EXERCISE INSTRUCTIONS
In the lines below, output everything from the first line through the line containing "9 月 16 日本,苗苗曾经分享过一家四口的照片,两人拉着孩子非常温暖。" exactly as it is. Pictures are not part of the output.

------------------------------

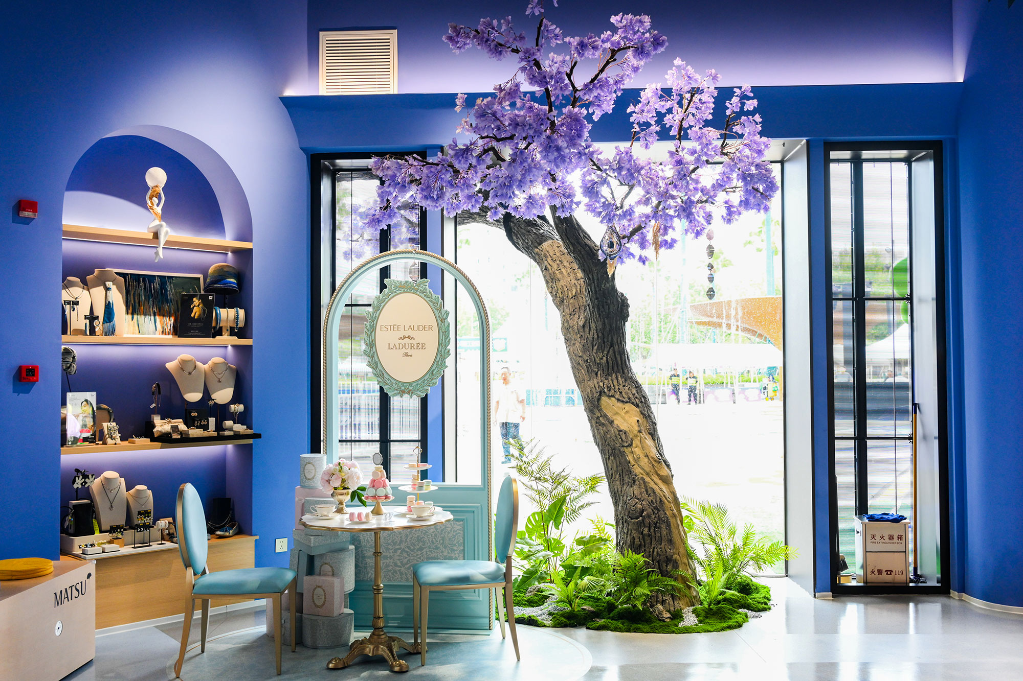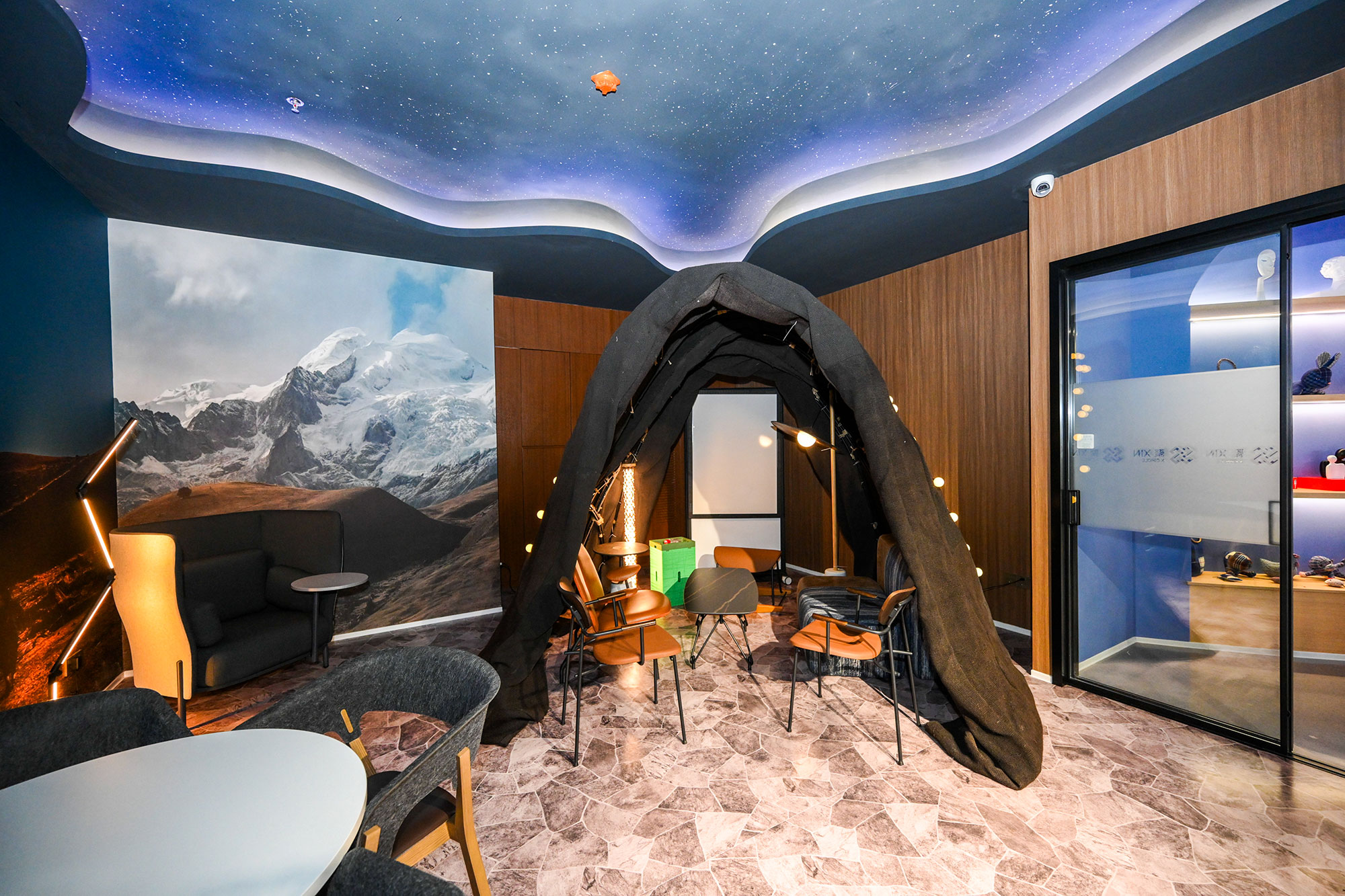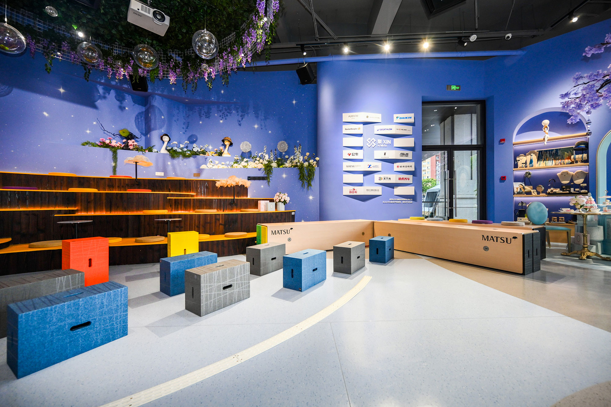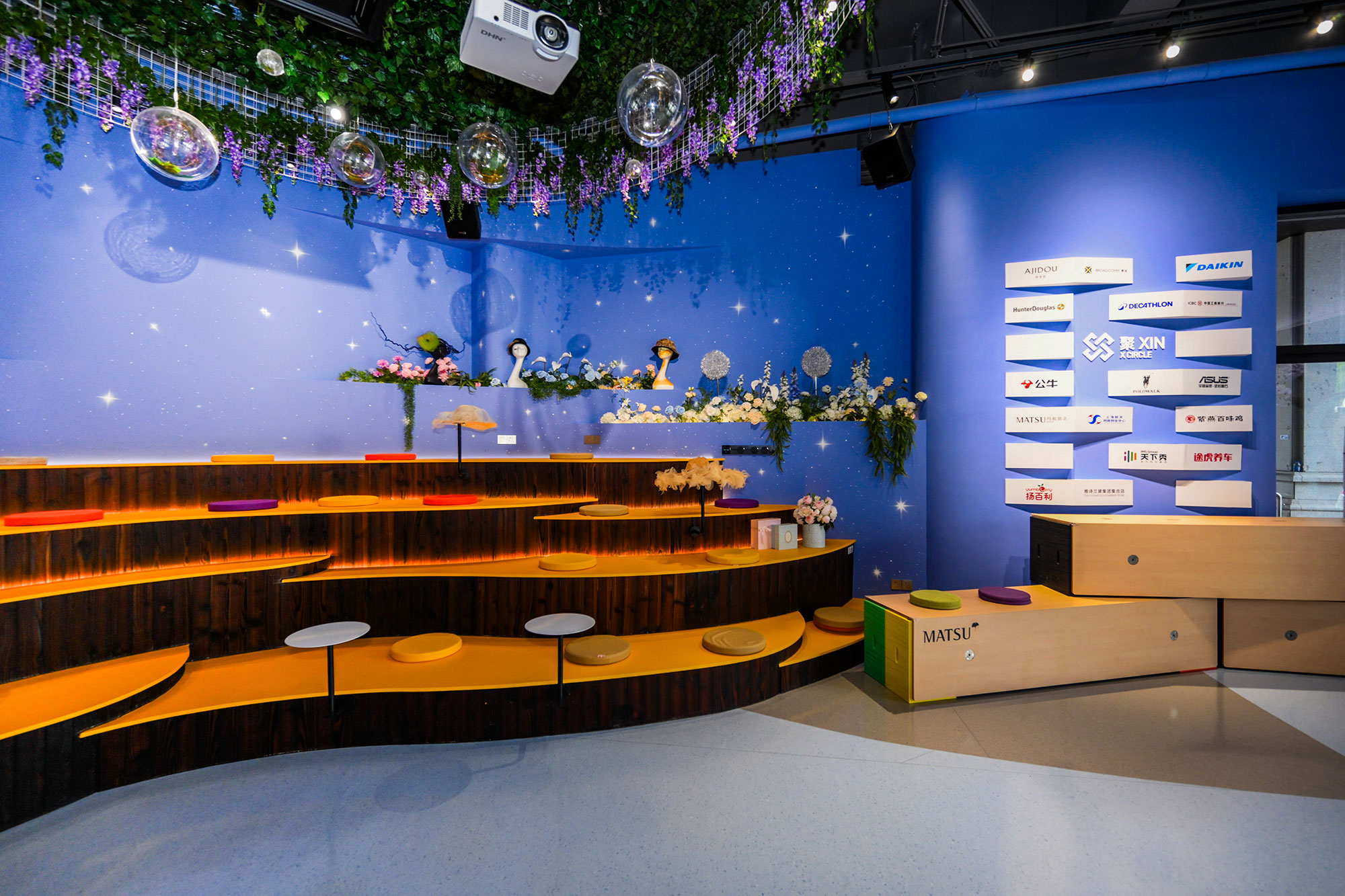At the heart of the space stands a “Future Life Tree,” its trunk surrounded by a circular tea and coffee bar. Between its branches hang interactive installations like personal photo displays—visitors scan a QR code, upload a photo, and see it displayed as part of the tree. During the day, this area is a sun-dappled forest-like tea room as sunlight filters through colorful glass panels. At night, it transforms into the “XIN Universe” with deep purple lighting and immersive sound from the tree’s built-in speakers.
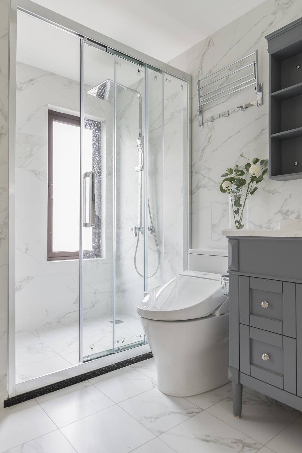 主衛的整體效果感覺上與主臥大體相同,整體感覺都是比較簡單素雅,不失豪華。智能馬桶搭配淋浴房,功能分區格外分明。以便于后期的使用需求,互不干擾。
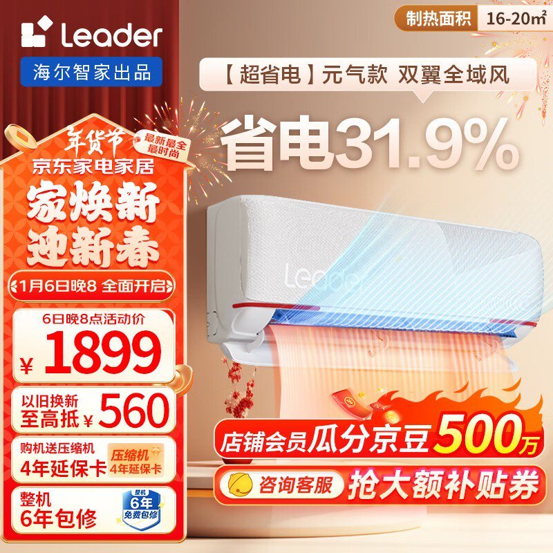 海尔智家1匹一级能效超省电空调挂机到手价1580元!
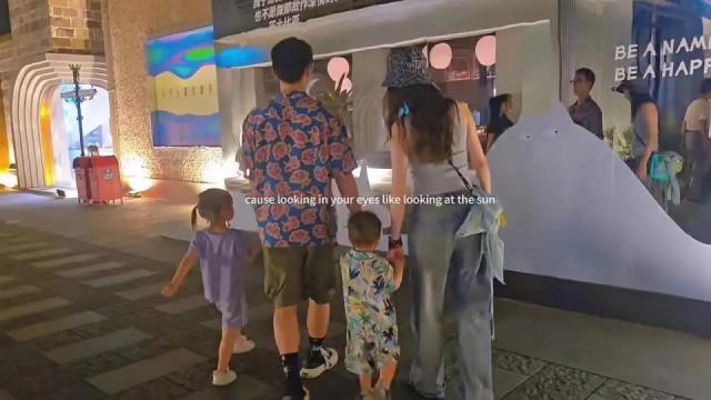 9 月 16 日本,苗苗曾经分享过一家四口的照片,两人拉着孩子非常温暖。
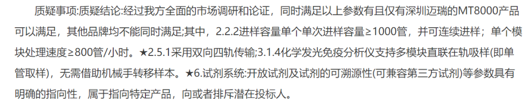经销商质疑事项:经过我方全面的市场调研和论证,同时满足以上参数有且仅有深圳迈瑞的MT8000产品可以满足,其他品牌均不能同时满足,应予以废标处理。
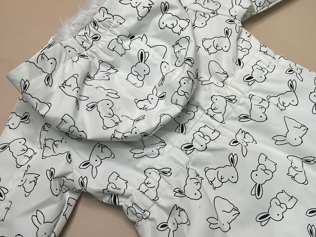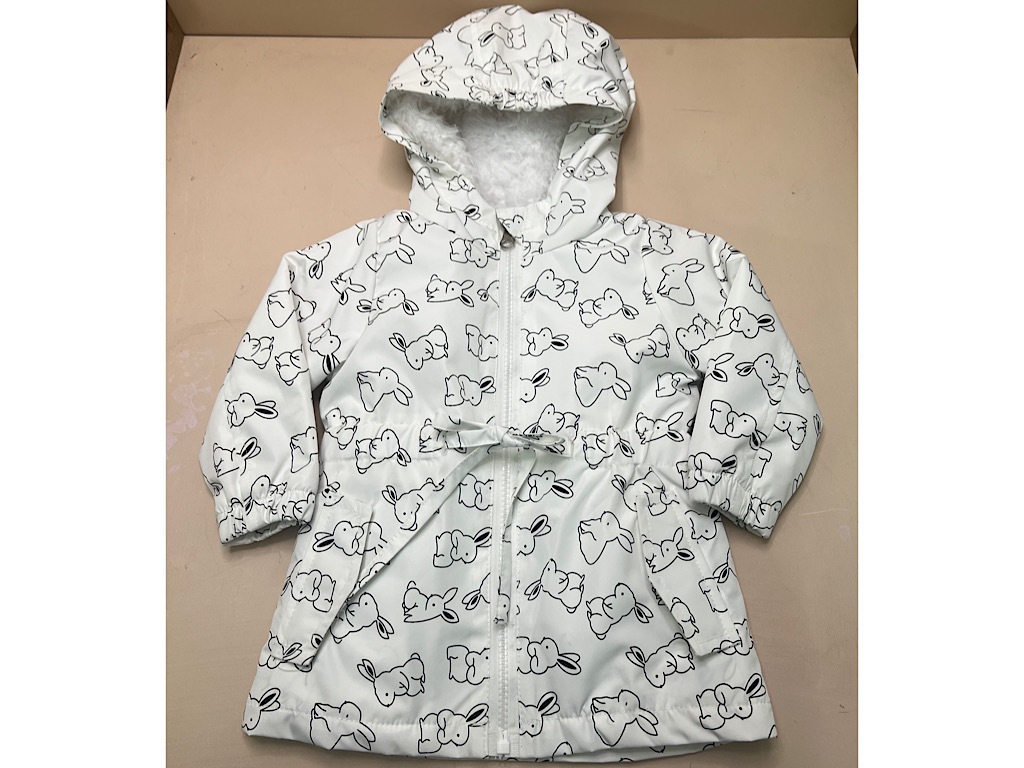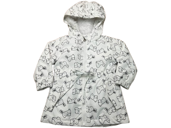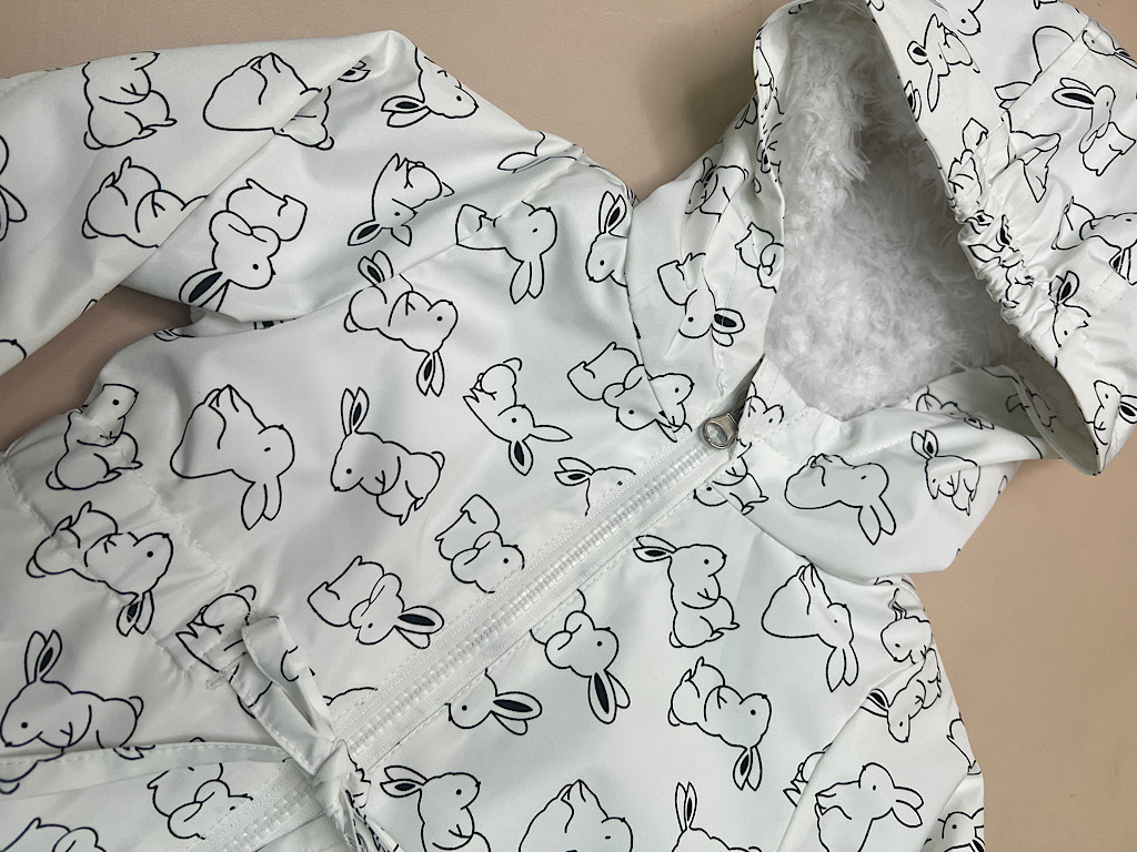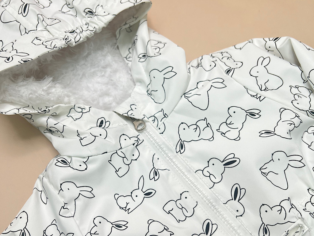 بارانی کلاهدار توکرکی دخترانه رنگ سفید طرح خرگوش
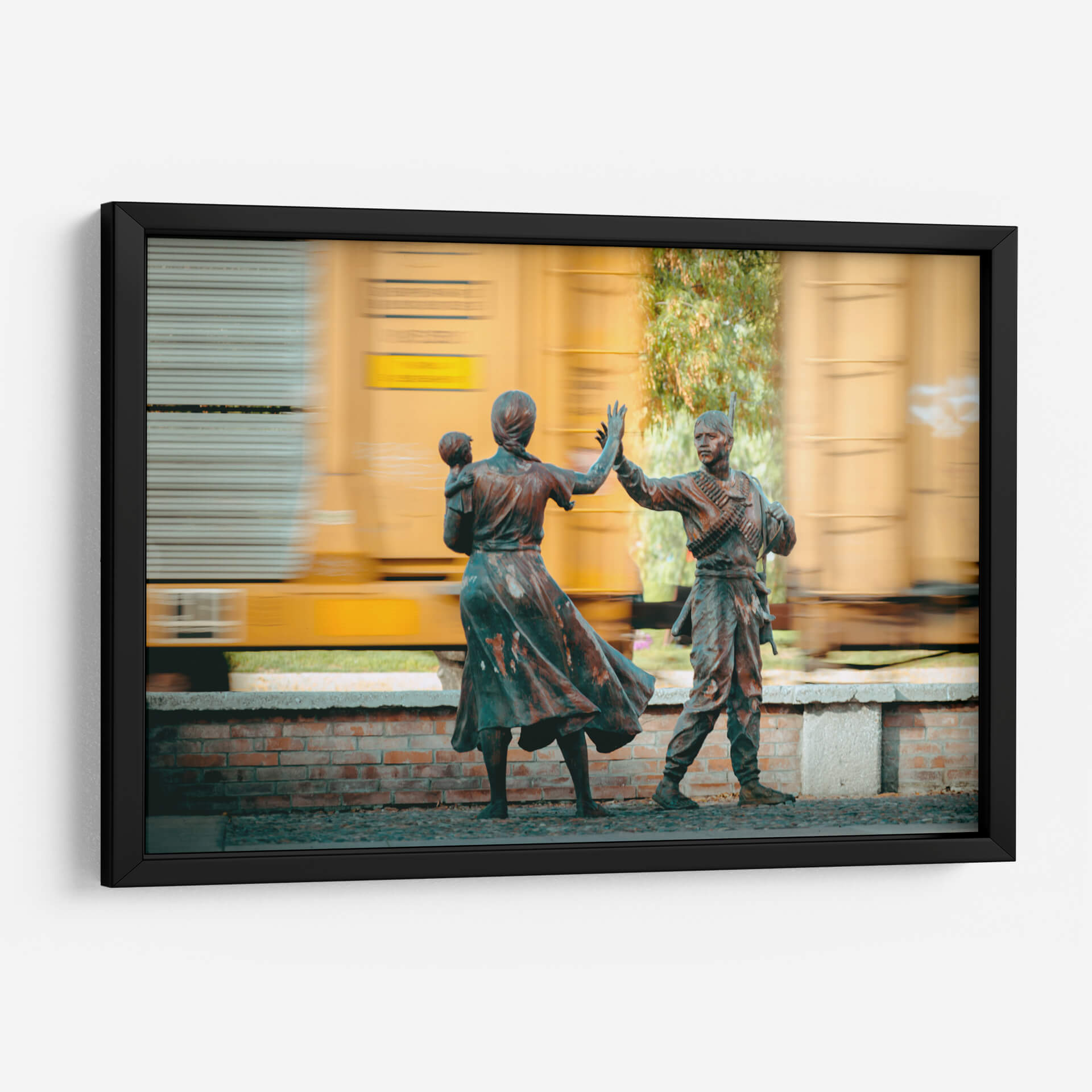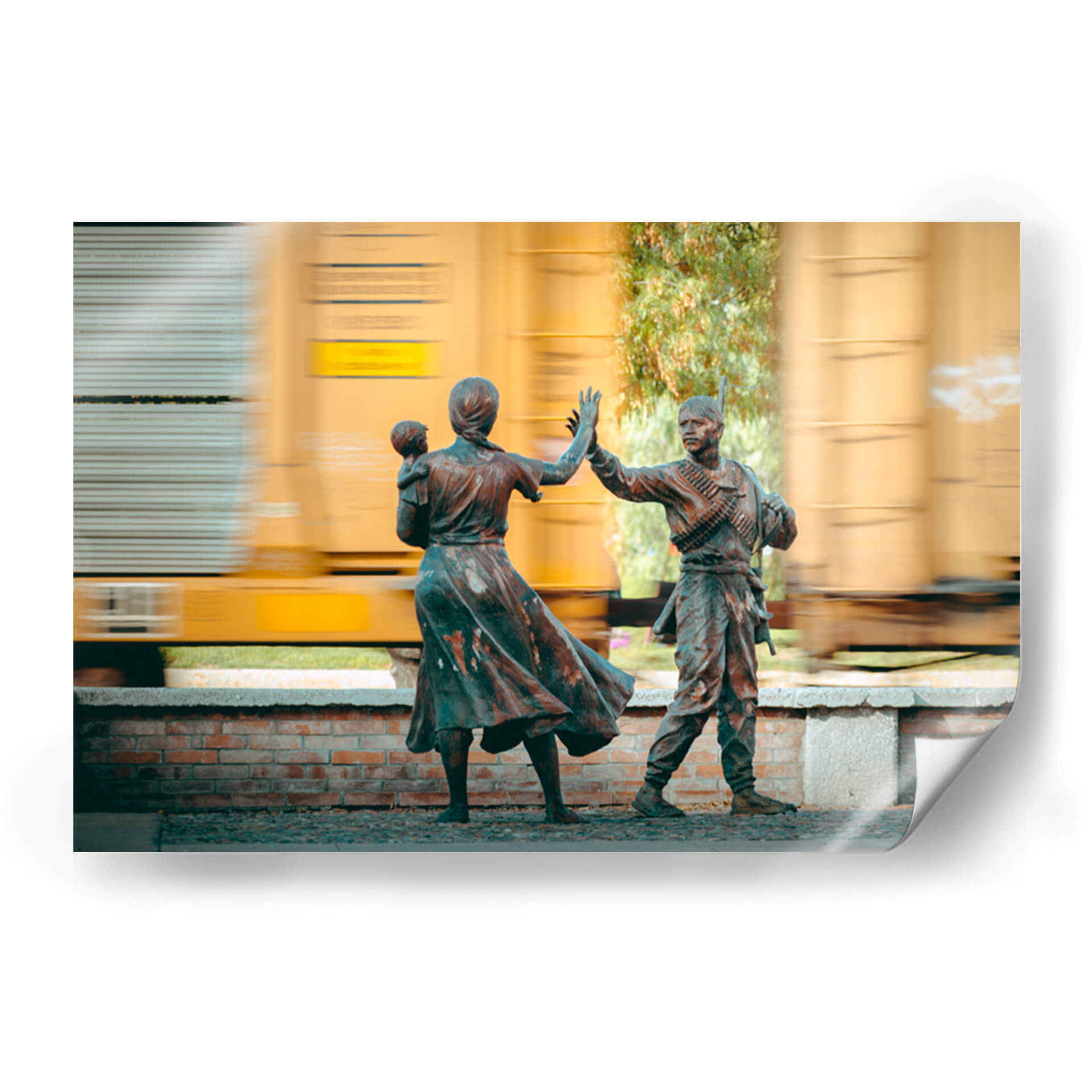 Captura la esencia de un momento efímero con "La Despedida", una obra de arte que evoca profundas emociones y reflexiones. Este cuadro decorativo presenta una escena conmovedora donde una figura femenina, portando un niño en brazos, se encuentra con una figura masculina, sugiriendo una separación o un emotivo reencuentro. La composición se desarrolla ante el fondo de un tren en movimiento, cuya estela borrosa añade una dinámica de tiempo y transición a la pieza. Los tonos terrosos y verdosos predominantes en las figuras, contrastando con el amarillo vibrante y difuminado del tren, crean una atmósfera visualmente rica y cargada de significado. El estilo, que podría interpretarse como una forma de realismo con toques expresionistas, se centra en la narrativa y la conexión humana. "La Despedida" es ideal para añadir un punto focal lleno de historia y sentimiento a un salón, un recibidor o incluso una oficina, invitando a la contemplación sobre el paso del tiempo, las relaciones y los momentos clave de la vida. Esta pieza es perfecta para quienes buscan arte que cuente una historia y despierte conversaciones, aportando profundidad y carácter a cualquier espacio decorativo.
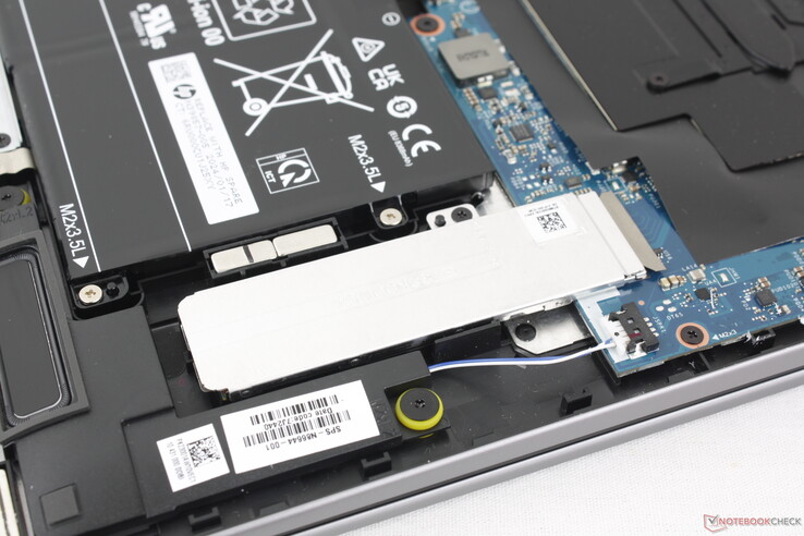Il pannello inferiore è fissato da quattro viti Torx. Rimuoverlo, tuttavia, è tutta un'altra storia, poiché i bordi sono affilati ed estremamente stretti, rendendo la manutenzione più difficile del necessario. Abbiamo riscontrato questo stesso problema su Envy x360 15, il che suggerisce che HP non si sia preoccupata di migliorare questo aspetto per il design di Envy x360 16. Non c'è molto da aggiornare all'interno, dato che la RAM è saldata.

------------------------------

ANSWER TO THIS TASK
At the heart of the space stands a “Future Life Tree,” its trunk surrounded by a circular tea and coffee bar. Between its branches hang interactive installations like personal photo displays—visitors scan a QR code, upload a photo, and see it displayed as part of the tree. During the day, this area is a sun-dappled forest-like tea room as sunlight filters through colorful glass panels. At night, it transforms into the “XIN Universe” with deep purple lighting and immersive sound from the tree’s built-in speakers.
 主衛的整體效果感覺上與主臥大體相同,整體感覺都是比較簡單素雅,不失豪華。智能馬桶搭配淋浴房,功能分區格外分明。以便于后期的使用需求,互不干擾。
 海尔智家1匹一级能效超省电空调挂机到手价1580元!
 9 月 16 日本,苗苗曾经分享过一家四口的照片,两人拉着孩子非常温暖。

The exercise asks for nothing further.